Physics
There are several artists that go by the name Physics:
1. A Swedish deep house duo consisting of Mikael Surdi and Torbjörn Olsson.
2. An American San Diego-based post-rock ensemble active throughout much of the 1990's.
3. Drum and Bass producer/DJ Glenn Grip from Helsinki
4. A noise project
Physics have recently become the name on many a house gourmets lips, due to their unique sound and interesting blend of house beats and deep jazzy grooves. It is not the blend as such that has given them cred, but the way in which they mix their different components. With a general respect and love for music and particularly the genre within which they operate, Physics aim to please both the club visitor and the fuzzy listener by using live as well as programmed elements in order to convey the true vibes of what house is all about. This is the very foundation on which both their studio-produced and live-performed music are based.
After some 12-inch releases on Deeplay Music, of which the song City Lights has been licensed to Eric Kupper's Hysteria and already been featured on many compilations. 7 AM Sessions is another highlighted making it's way into several compilations, Beach House 2 on Hed Kandi and Klubb Jazz vol 3 on Slip N Slide to name a few.
This album's Don't deny me love has already been featured on 2 different Hed Kandi compilations. Es Vive and Stereo Sushi. Leaving Monte Carlo is out now on one of the best selling compilations ever, French label Pschent's Hotel Costes Vol 5 and if that wasn't enough, Ministry Of Sound took it for their Chill Out Session 2003. Tie Me Down is another track that seems to get a lot of attention, Beechwood's Dolce Vita and Inca's Private Lounge took it for their excellent compilations.This is just an excerpt of all licensing requests that keeps coming in from this album
2. An American San Diego-based post-rock ensemble active throughout much of the 1990's. Membership evolved over time, with many SD luminaries performing in Physics during the course of their existence.
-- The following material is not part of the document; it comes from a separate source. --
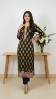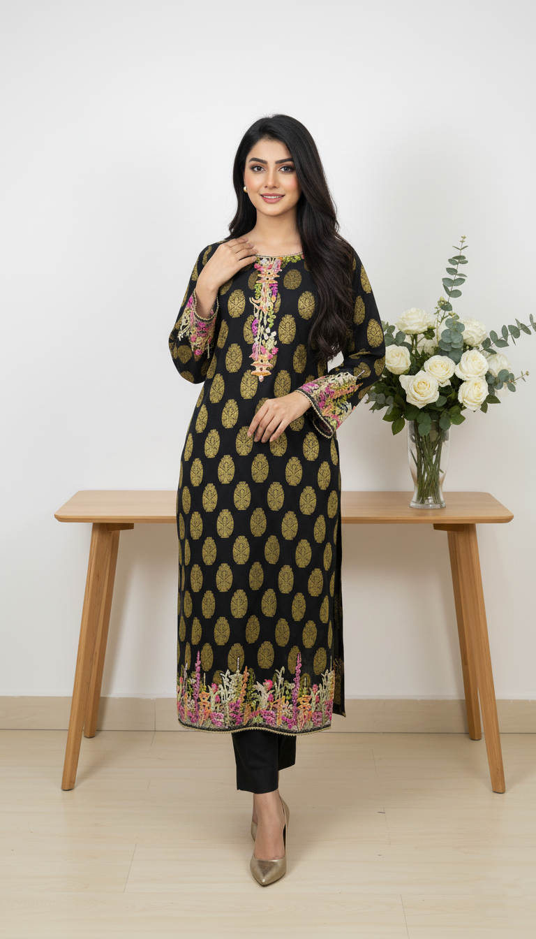 Shirt: Premium Viscose featuring intricate thread embroidery on the neckline, sleeves, and hem. The black base is adorned with gold jacquard-style motifs, complemented by vibrant multicolor floral embroidery for a bold, striking finish.

Their recorded output was never quite able to live up to the experience of feeling the wall of sound emanating from the stage at one of their live performances... the usual lineup featured three guitars interlocking in some sort of modal complexity, a couple of synths providing the drone-based foundation and arpegiating in or out of rhythm with the drumbeat, a slow-burning, head-nodding, syncopated stomp, which gradually built to a crescendo before receding into the ether...
Since San Diego's Physics is an instrumental band, it would be easy to compare them to Trans Am, Tortoise, or Godspeed You Black Emperor!, but Physics is neither as verging-on-muzak-jazzy as the first two, nor as pretentiously aggressive as the latter. And unlike heroin-rock bands like Mogwai, Physics doesn't follow the quiet, quiet, quiet, LOUD, LOUD, LOUD model. Instead of assaulting you with jarring noise spasms, they slowly build to a crescendo, steadily mixing layers of guitars, synthesizers, and drums to create songs that are by turns hypnotic, mournful, shrill, and soaring.
Their first album, Physics1, is a collection of singles, live recordings, and studio tracks from 1994 to 1996, all of which are centered around the use of a single chord called the "Physics Chord." In these early projects, one guitarist plays the Physics Chord repeatedly, while the other musicians build the song around him, using looped found-sound recordings, synthesizers, percussion, and additional guitars. Their songs are crafted rather than composed, built from an initial idea, theme, or phrase, and then added to until the layers converge and swirl around in a narcotic tableau.
On Physics2, their second full-length, they continue to craft intricate impressionistic pieces: this is space rock in the most literal sense of the word, suggesting collapsing time and endless journeys to distant galaxies and other dimensions. The album contains both compositions and improvisations, including a 35-minute, half-improvised live piece consisting of three interweaving themes that effortlessly meld into each other, both lulling and building tension. Synthesizers, drums, guitars, and snippets of wave radio come together to create washes of sound evocative of shooting across the Arizona desert in a souped-up spacecraft. The songs are sometimes even painful, as the band manipulates pure tones at unexpected places in these otherwise meditative compositions, blasting the listener with pure sound.
In the five-plus years of their existence, Physics has had more members than the average high school marching band, including moonlighters from Pinback, Three Mile Pilot, Crash Worship, Chune, Heavy Vegetable, Powerdresser, Thingy, and Optiganally Yours, among others. But the whole is greater than (and quite different from) the sum of its parts: the members of Physics are able to explore a musical range beyond the reach of other bands, creating a beautiful and powerful statement about the nature of both science and sound.
Four ex-members of Physics now play in the band Aspects of Physics
3. Drum and Bass producer/DJ Glenn Grip from Helsinki, a man behind Midnightsun recordings.